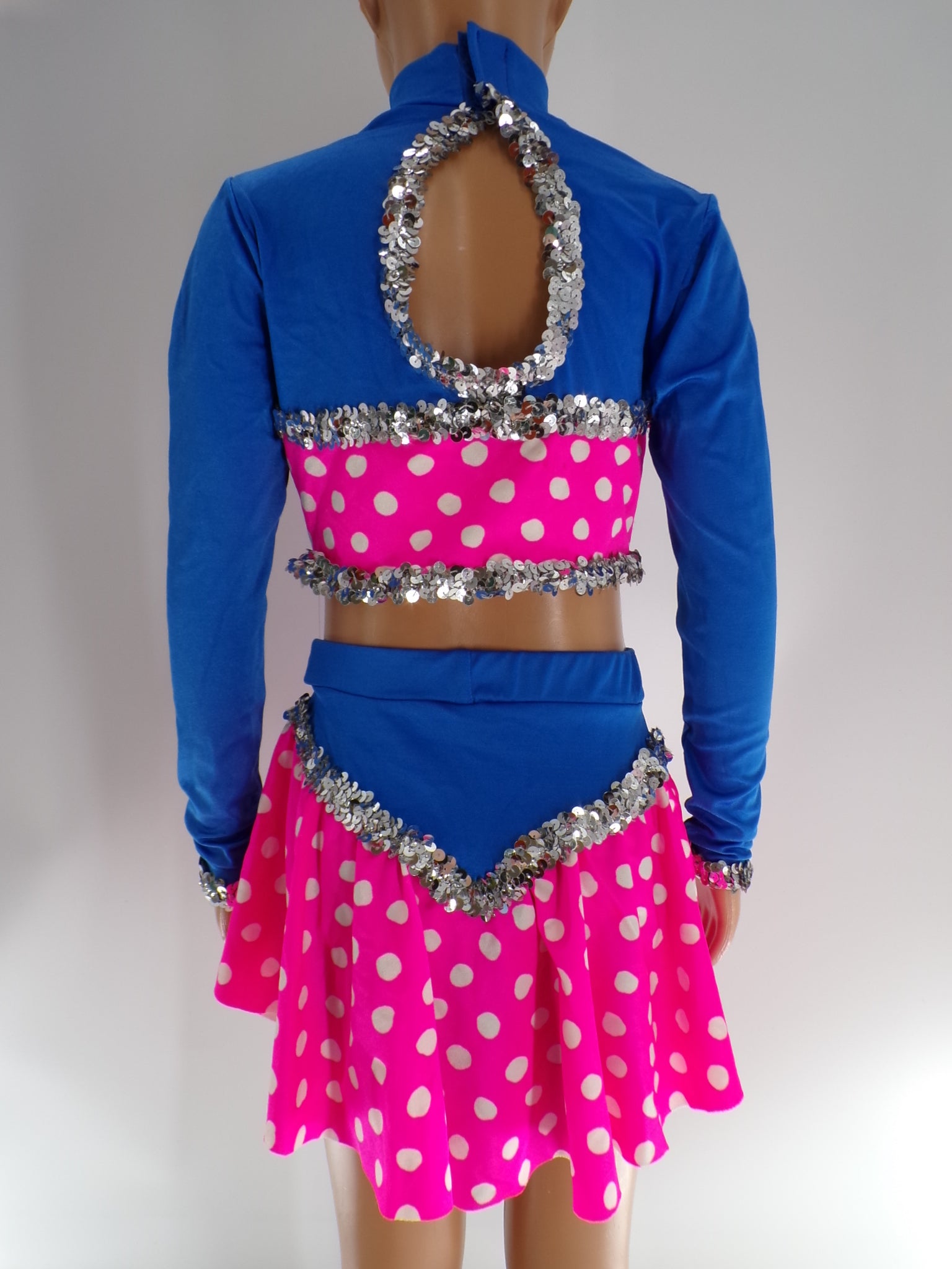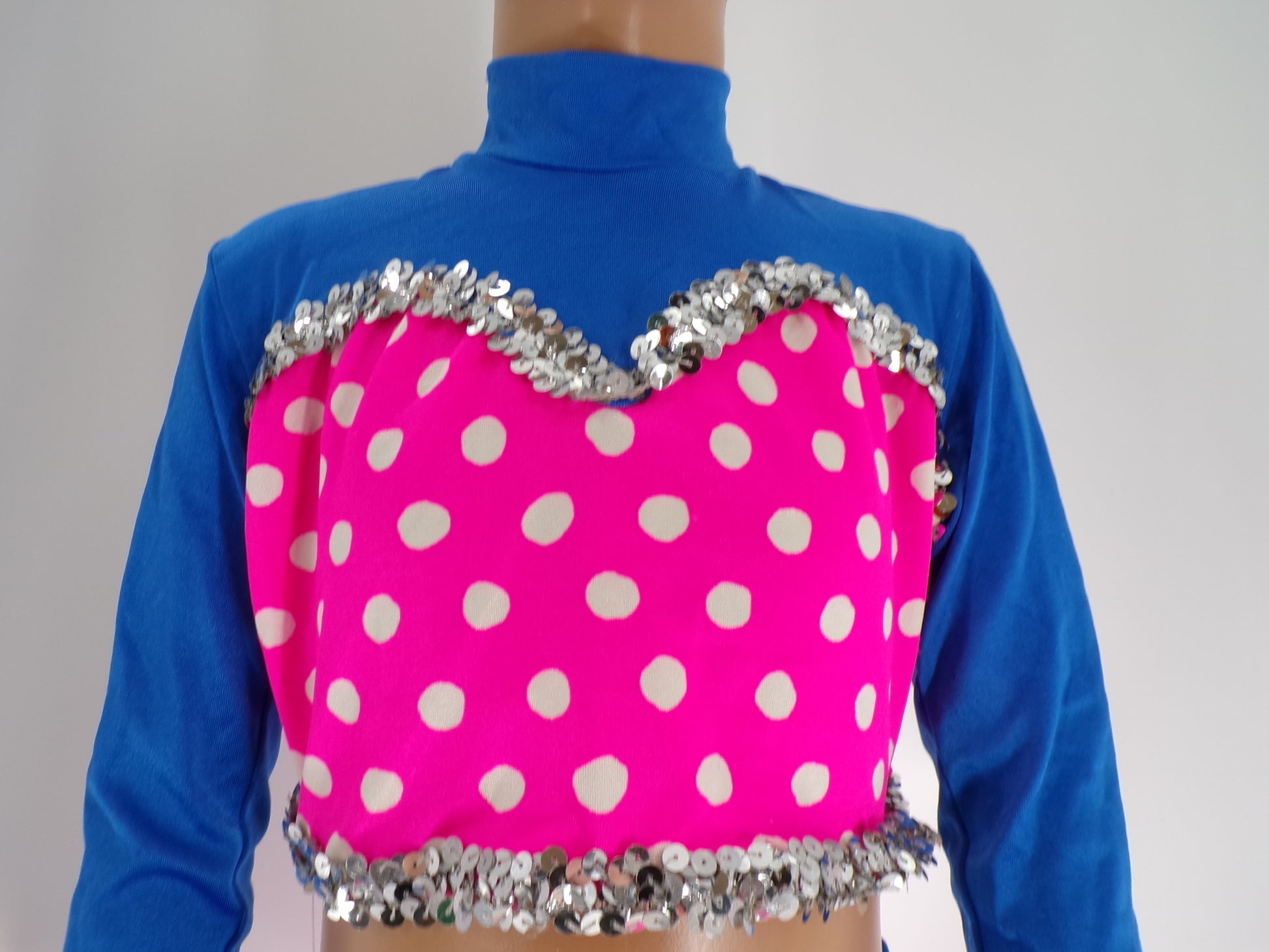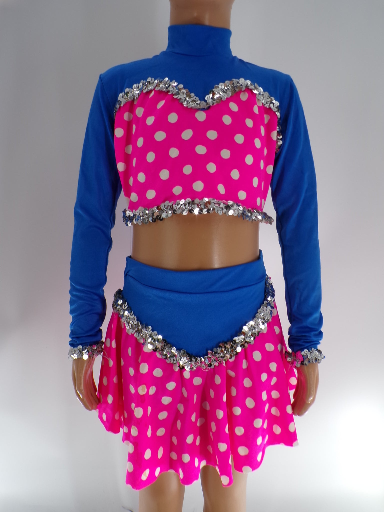 2 pc costume includes mock neck long sleeve crop top and skirt with attached briefs. Costume is decorated with polka dots and sequins. Also includes polka dot gloves to match.
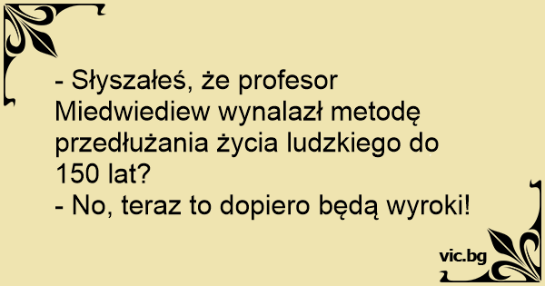 - Słyszałeś, że profesor Miedwiediew wynalazł metodę przedłużania życia ludzkiego do 150 lat?
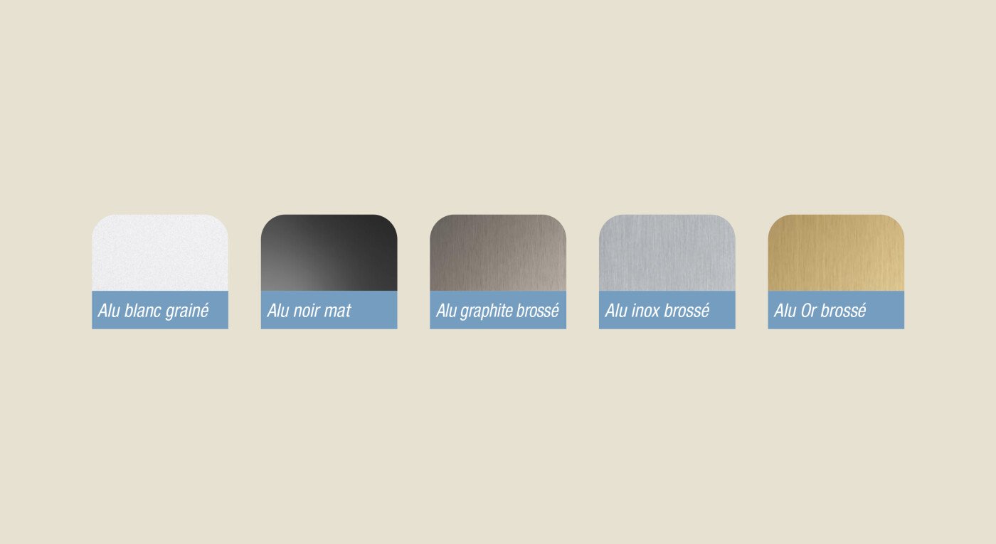 • 5 finitions de profilé (+ barre de renfort) : aluminium blanc grainé, noir mat, inox brossé, graphite brossé ou or brossé.
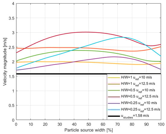 Velocity magnitude at a height of 2 m in all the simulated cases, above the surface where was exceeded. For the purpose of comparison, the source width is expressed as a percentage.
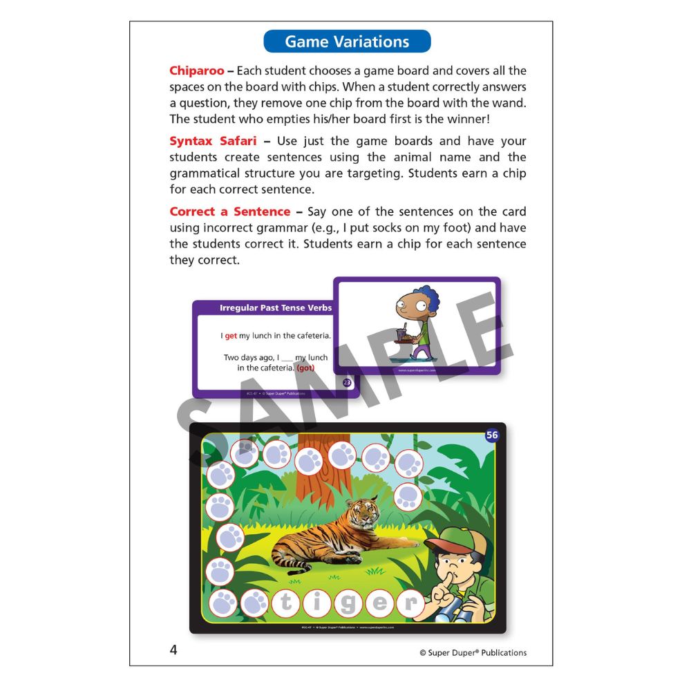 Best of all! Each of the 60 Chipper Chat boards has a photo of an animal with the animal's name spelled out in the spaces. These engaging game boards provide countless opportunities for your students to practice the grammatical structures they learn by creating sentences about their animals. Let the syntax safari begin!
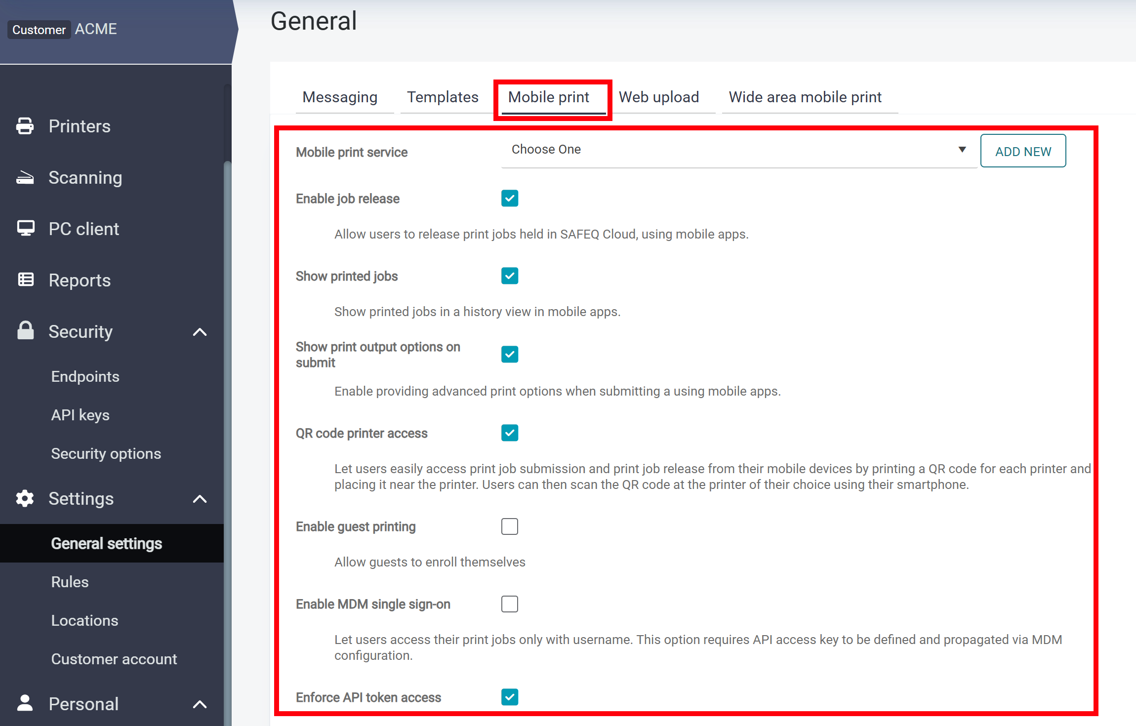 Go to Settings > General settings > Mobile print.
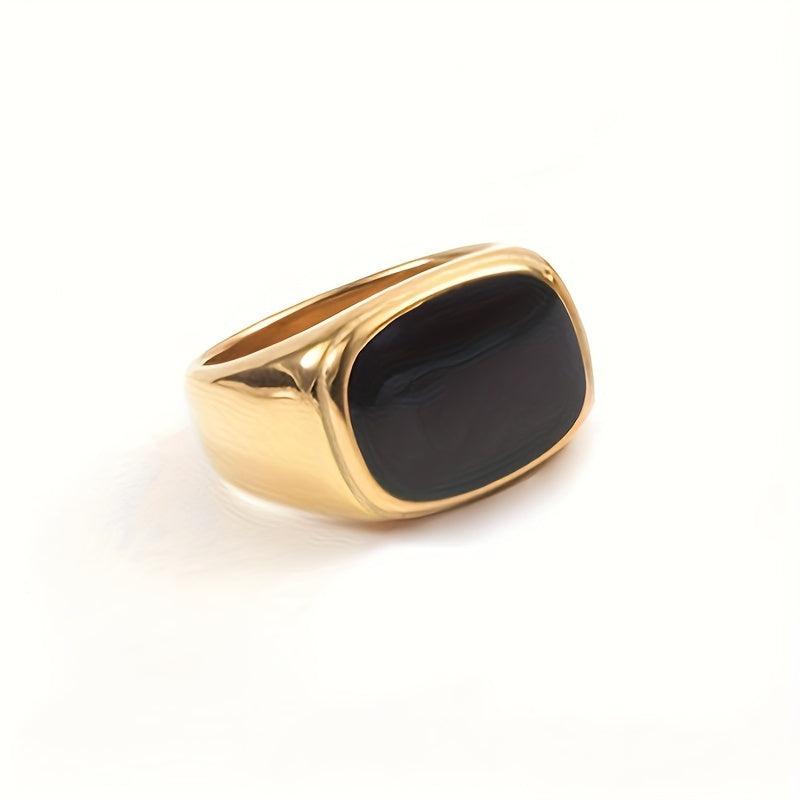 Golden toned band with oval stone, perfect for casual attire or vacation accessory.
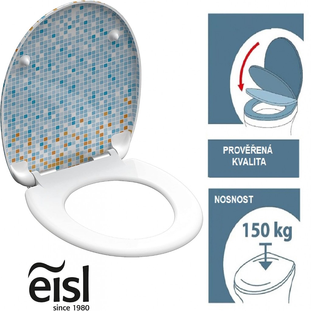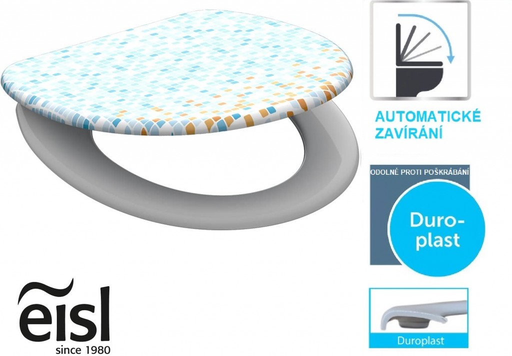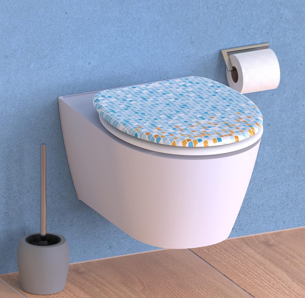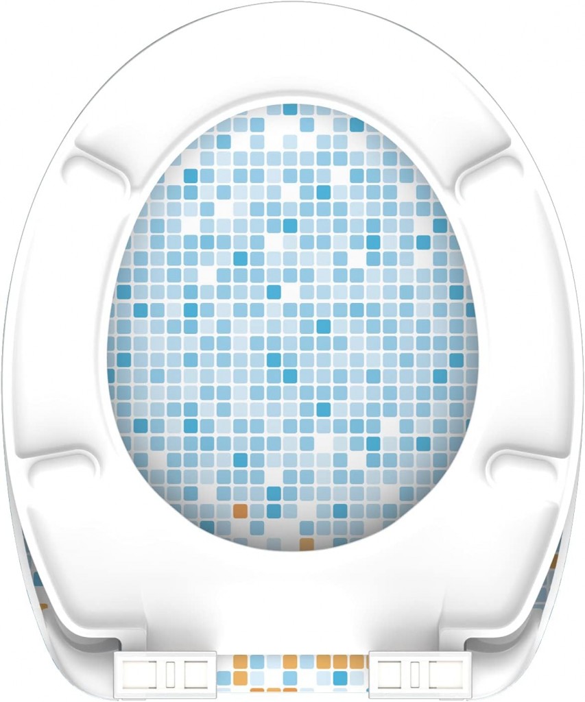 Duroplastové WC sedátko MOSAIC Modrá/oranžová, s automatickým spúšťaním
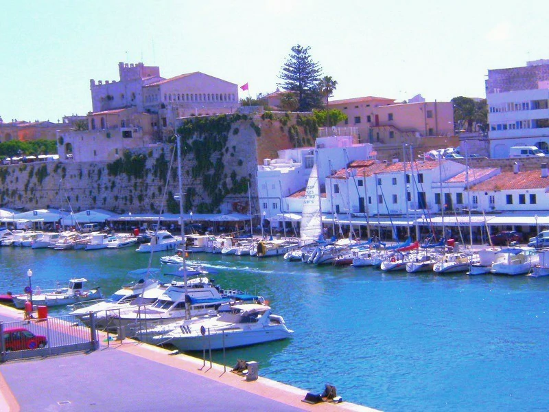 Ciudadela: El puerto de Ciudadela (o Ciutadella de Menorca), la segunda ciudad, en población, de la isla. Este puerto es natural y al fondo de la imagen podemos ver parte de la ciudad, que tuvo que ser reconstruida después de que los otomanos la atacaran y se llevaran a parte de su población para pedir rescate. |

Problem details >> Type the entries again verbatim. Drop the images.

Solved exercise >>
 2 pc costume includes mock neck long sleeve crop top and skirt with attached briefs. Costume is decorated with polka dots and sequins. Also includes polka dot gloves to match.
 - Słyszałeś, że profesor Miedwiediew wynalazł metodę przedłużania życia ludzkiego do 150 lat?
 • 5 finitions de profilé (+ barre de renfort) : aluminium blanc grainé, noir mat, inox brossé, graphite brossé ou or brossé.
 Velocity magnitude at a height of 2 m in all the simulated cases, above the surface where was exceeded. For the purpose of comparison, the source width is expressed as a percentage.
 Best of all! Each of the 60 Chipper Chat boards has a photo of an animal with the animal's name spelled out in the spaces. These engaging game boards provide countless opportunities for your students to practice the grammatical structures they learn by creating sentences about their animals. Let the syntax safari begin!
 Go to Settings > General settings > Mobile print.
 Golden toned band with oval stone, perfect for casual attire or vacation accessory.
 Duroplastové WC sedátko MOSAIC Modrá/oranžová, s automatickým spúšťaním
 Ciudadela: El puerto de Ciudadela (o Ciutadella de Menorca), la segunda ciudad, en población, de la isla. Este puerto es natural y al fondo de la imagen podemos ver parte de la ciudad, que tuvo que ser reconstruida después de que los otomanos la atacaran y se llevaran a parte de su población para pedir rescate. |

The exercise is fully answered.